- DATA SHOWN -

▬▬▬

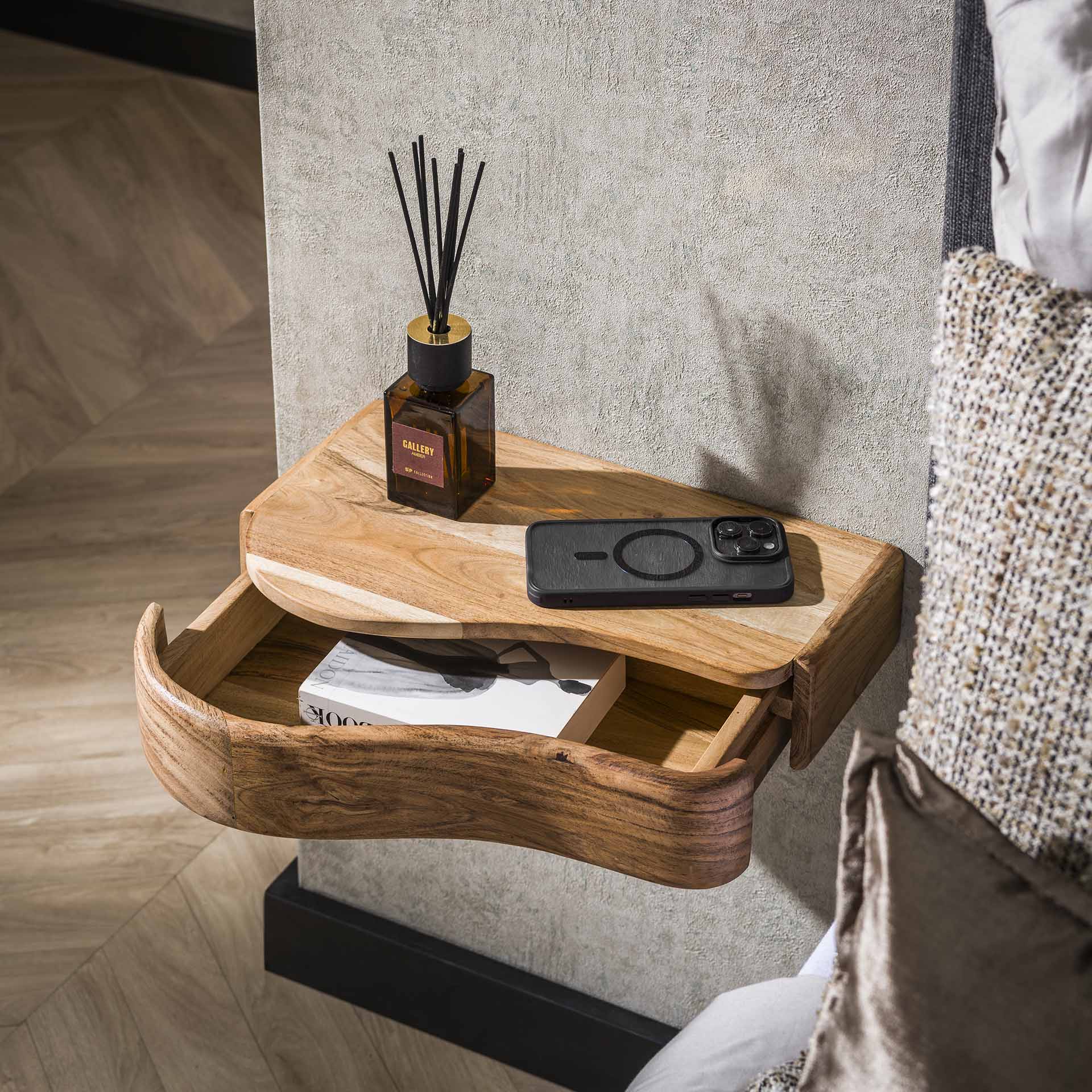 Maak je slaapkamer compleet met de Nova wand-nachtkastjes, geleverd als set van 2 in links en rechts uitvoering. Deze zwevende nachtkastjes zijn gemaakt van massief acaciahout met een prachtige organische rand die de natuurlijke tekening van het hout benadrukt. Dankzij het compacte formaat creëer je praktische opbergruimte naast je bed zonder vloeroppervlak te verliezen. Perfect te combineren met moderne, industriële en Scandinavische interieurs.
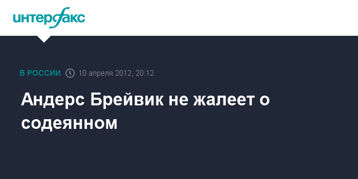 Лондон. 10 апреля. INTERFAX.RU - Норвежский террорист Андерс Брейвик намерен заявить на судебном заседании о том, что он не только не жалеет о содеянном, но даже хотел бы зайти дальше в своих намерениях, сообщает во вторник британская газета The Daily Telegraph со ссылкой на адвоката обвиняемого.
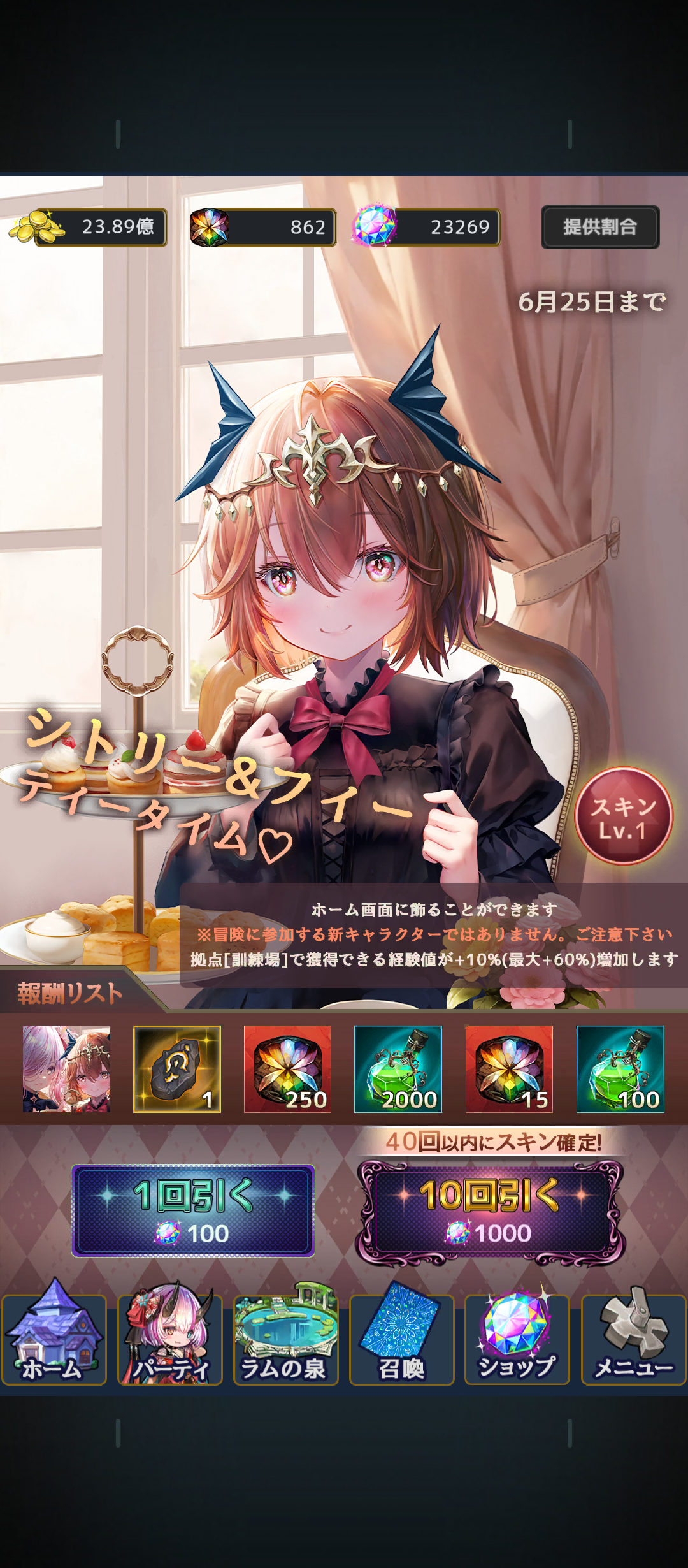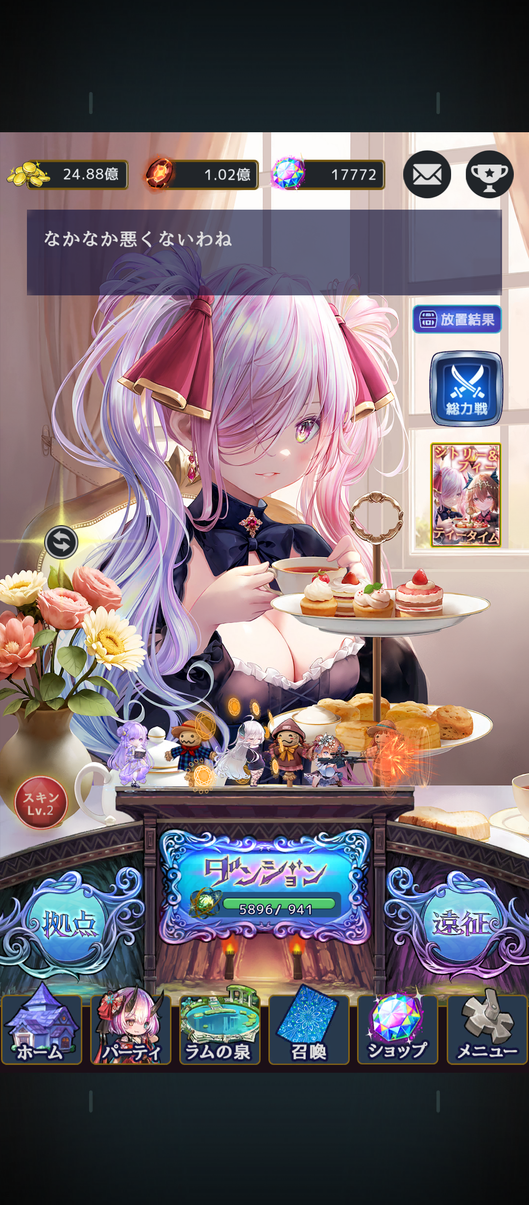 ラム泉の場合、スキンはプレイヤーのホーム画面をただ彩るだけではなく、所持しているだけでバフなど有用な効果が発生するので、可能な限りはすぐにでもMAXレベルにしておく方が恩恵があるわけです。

▬▬▬

- EXERCISE DETAILS -
Could you output the listing word for word, omitting every picture?

- YOUR RESPONSE -
 Maak je slaapkamer compleet met de Nova wand-nachtkastjes, geleverd als set van 2 in links en rechts uitvoering. Deze zwevende nachtkastjes zijn gemaakt van massief acaciahout met een prachtige organische rand die de natuurlijke tekening van het hout benadrukt. Dankzij het compacte formaat creëer je praktische opbergruimte naast je bed zonder vloeroppervlak te verliezen. Perfect te combineren met moderne, industriële en Scandinavische interieurs.
 Лондон. 10 апреля. INTERFAX.RU - Норвежский террорист Андерс Брейвик намерен заявить на судебном заседании о том, что он не только не жалеет о содеянном, но даже хотел бы зайти дальше в своих намерениях, сообщает во вторник британская газета The Daily Telegraph со ссылкой на адвоката обвиняемого.
 ラム泉の場合、スキンはプレイヤーのホーム画面をただ彩るだけではなく、所持しているだけでバフなど有用な効果が発生するので、可能な限りはすぐにでもMAXレベルにしておく方が恩恵があるわけです。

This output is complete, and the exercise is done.